In Models 3a-d, having established the best-fitting pattern of contextual stratification of achievement, we used random slope models to estimate the extent that contexts interact with EA-PGI effects. In our models, we allowed PGI effects to vary for each cluster with significant intercept variance and tested whether model fit improved.

Environments explaining the variability of slopes

To investigate which characteristics explaining any gene-environment interactions, we re-estimate the best-fitting multilevel model for each school subject, adding fixed effects for five environmental measures (Model 4), and then environment-by-PGI interaction terms (Model 5). School environmental influences on achievement are likely multifactorial, operating in a ‘poly-environmental’ mode akin to polygenicity. We therefore included measured environments simultaneously.
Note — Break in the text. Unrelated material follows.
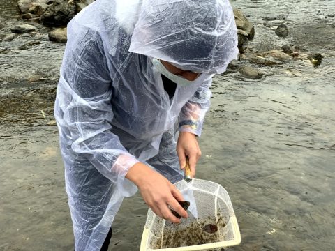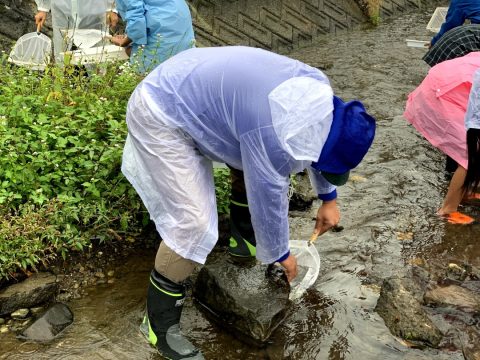 そのあとは川で生物観察

If measured environments account for an interaction, the variance in slopes will be reduced and model fit will be improved in Model 5 compared to Model 4. The five sociodemographic measures were tested jointly. Notably, while we term these observed measures ‘environments’, they are themselves partially under genetic influence.

Model-fitting and comparisons

In all models, 10 principal components of genetic ancestry were included as covariates to control for population stratification, 5 based on maternal genotype and 5 paternal components. Although effects of the child EA-PGI are robust to population stratification (when parental scores are included), the inclusion of PCs helps us interpret the parental genetic effect, which may be biased by population stratification. All models included controls for family social background (parental education and income), to aid causal interpretation of slopes and intercepts for schools and residential areas.

Models were compared using the AIC fit statistic, which calculates the trade-off between model fit and model complexity using maximum likelihood modelling with a penalty for the number of parameters. If the model with, for instance, the random slopes across schools, has a lower AIC value than that of a simpler model, this is evidence that gene-environment interactions should be included for an optimal approximation of the underlying data generating processes. We also report p-values from the model comparison tests.


Maps were created with the R package fhimaps43, using the 2019 municipality boundaries (only 1 had to be changed from the 2018 identifiers used in our main analyses). Model-fitting was conducted in R with the lme4 package44.